- 31°32′55″N 34°27′59″E﻿ / ﻿31.54872°N 34.46628°E
- Type: Inhumation cemetery
- Periods: Roman
- Location: Jabaliya, Gaza Strip, Palestine

Site notes
- Area: 4,000 square metres (43,000 sq ft) (estimated)
- Excavation dates: 2023
- Archaeologists: René Elter
- Discovered: 2022

= Ard-al-Moharbeen necropolis =

Archaeological site in Palestine

The Ard-al-Moharbeen necropolis was a Roman cemetery in the Gaza Strip, Palestine. The known extent covers an estimated 4000 m2 and is the largest cemetery to have been discovered in Gaza. It is thought to have been in use from the 1st century AD to the 3rd century AD and was close to the Roman town of Anthedon.

The necropolis was discovered in 2022 during building works in Jabaliya. Archaeologists led by René Elter began excavating the following year and had discovered 135 graves by the time investigations were cut short by the outbreak of the Gaza war. The graves included two lead sarcophagi which were the first of their kind found in Gaza and likely belonged to wealthy people. Archaeologists also found burials where the occupants had been interred with a "Charon's obol" in their mouths, a Greco-Roman burial practice. The cemetery was damaged by bombing and bulldozing during the Gaza war, one of hundreds of cultural heritage sites damaged in the conflict.

== Background ==
The Ard al-Moharbeen necropolis is close to the location of Anthedon (also known as Blakhiya) and likely served as its cemetery. Anthedon was a coastal town and port inhabited from about 800 BC to 1100 AD, spanning the Iron Age to the early Muslim period. The nearby Blakhiya Byzantine cemetery was used from the 3rd to 5th centuries and also was probably connected to Anthedon.

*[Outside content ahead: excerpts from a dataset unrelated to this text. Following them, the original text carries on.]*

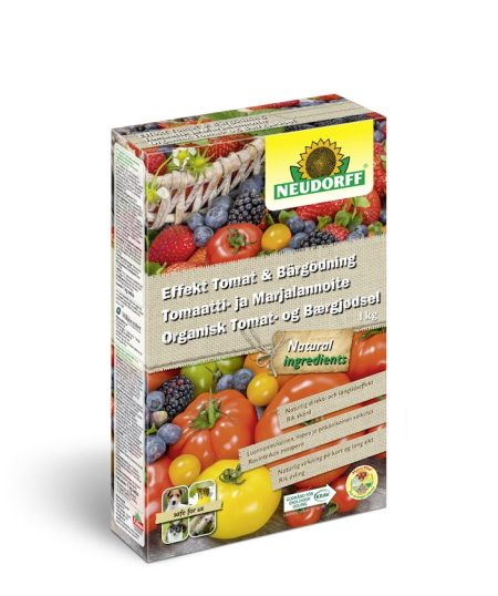 Tomaatti- ja marjalannoite Neudorff on biologis-orgaaninen, luonnonmukainen sekä teholtaan kestovaikutteinen erikoislannoite, joka soveltuu kaikille marjoille ja tomaateille. Tämä lannoite sisältää runsaasti maaperää parantavia mikro-organismeja. Tämän ansiosta kasvi voi paremmin ja saa aikaan runsaan sadon. Lannoitteen sisältämän Mykorritsa-sienirihmaston ansiosta kasvin juuristopinta-ala kasvaa, tämän ansiosta saaden aikaan juurien voimakkaamman kasvun. Tästä syystä kasvin veden sekä ravinteiden saanti tehostuu, ja kasvi kestää myös paremmin erilaisia stressitilanteita, kuten esimerkiksi kuivuutta ja kasvitauteja.
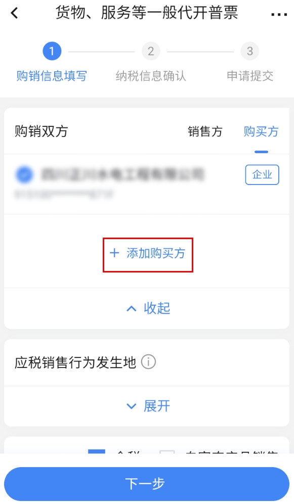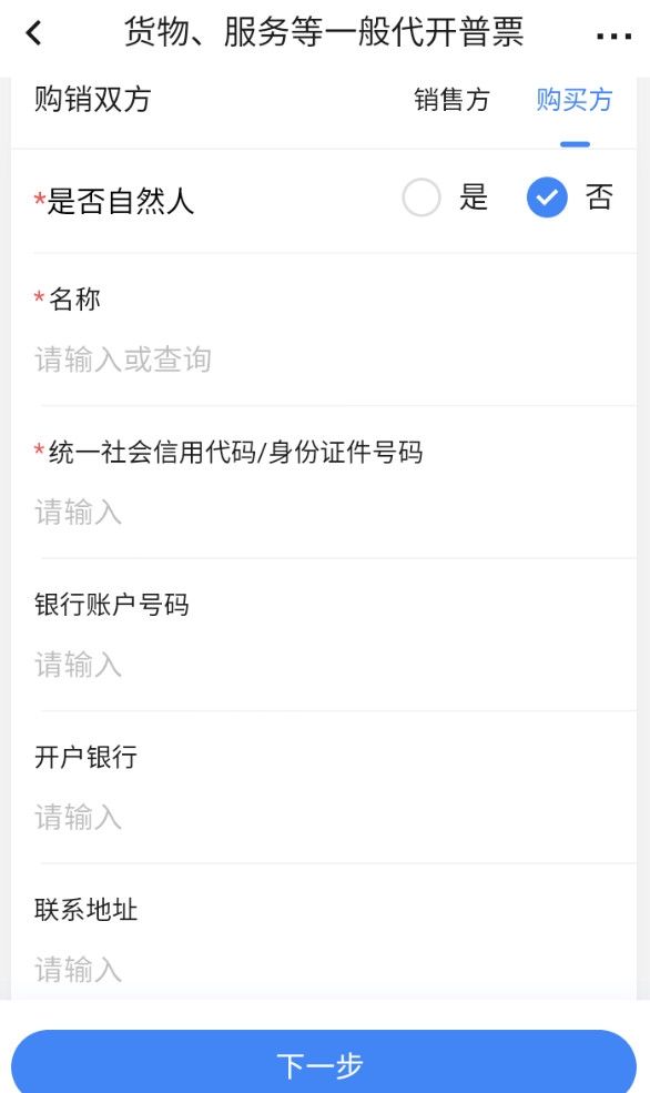 2.3、点击“添加购买方”,选择是否为自然人,录入购买方信息:名称、统一社会信息代码/身份证件号码、银行账户号码、开户银行、联系地址、联系电话、选择是否展示银行信息,点击【保存】。名称项为必填,其他项为选填。
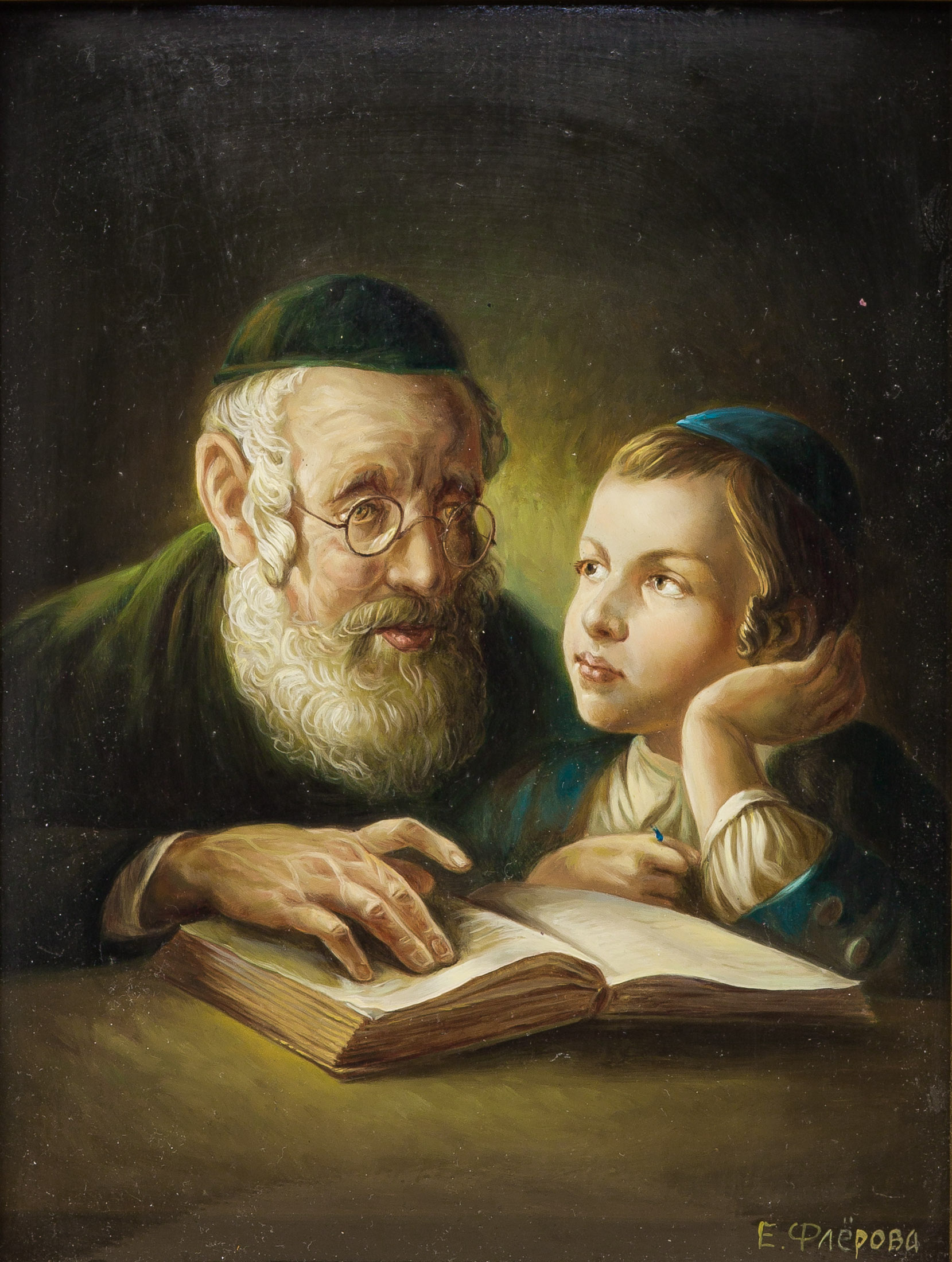 Флёрова Елена Николаевна (1943 - 2020) — российская художница, член Союза художников СССР с 1977, Почётный член Российской Академии Художеств с 2007. Родилась в Москве 19 декабря 1943 года в семье художника-дизайнера и театрального режиссёра-педагога. В 1963 году окончила художественную школу при Московском институте им. В. И. Сурикова, в 1969 году Московский государственный художественный институт им. В. И. Сурикова. В 1974 году окончила аспирантуру Академии художеств СССР по классу академика АХ СССР, профессора Е. А. Кибрика. Награждена серебряной медалью Академии Художеств СССР, серебряной медалью ВДНХ, лауреат премий журналов «Работница», «Смена», «Крестьянка» в 1980-х годах. С 1991 по 2005 год работала в Еврейской художественной галерее в Нью-Йорке. По возвращении в Москву в 2005 году вела общественную работу. В мае 2006 года открылась постоянная галерея «Тора и история» в Марьинорощинском Еврейском Общинном Центре, в 2007 году в Российской государственной библиотеке — постоянная галерея картин «Единая Россия, вера и любовь».

Preliminary works for construction projects in the Gaza Strip have often encountered archaeological remains, and much of the archaeology in the region has related to salvage excavations such as the works at Tell es-Sakan and Anthedon. The blockade of the Gaza Strip has hampered archaeological work by restricting access to necessary tools; from 2017 Première Urgence Internationale began training students in Gaza and providing fieldwork opportunities.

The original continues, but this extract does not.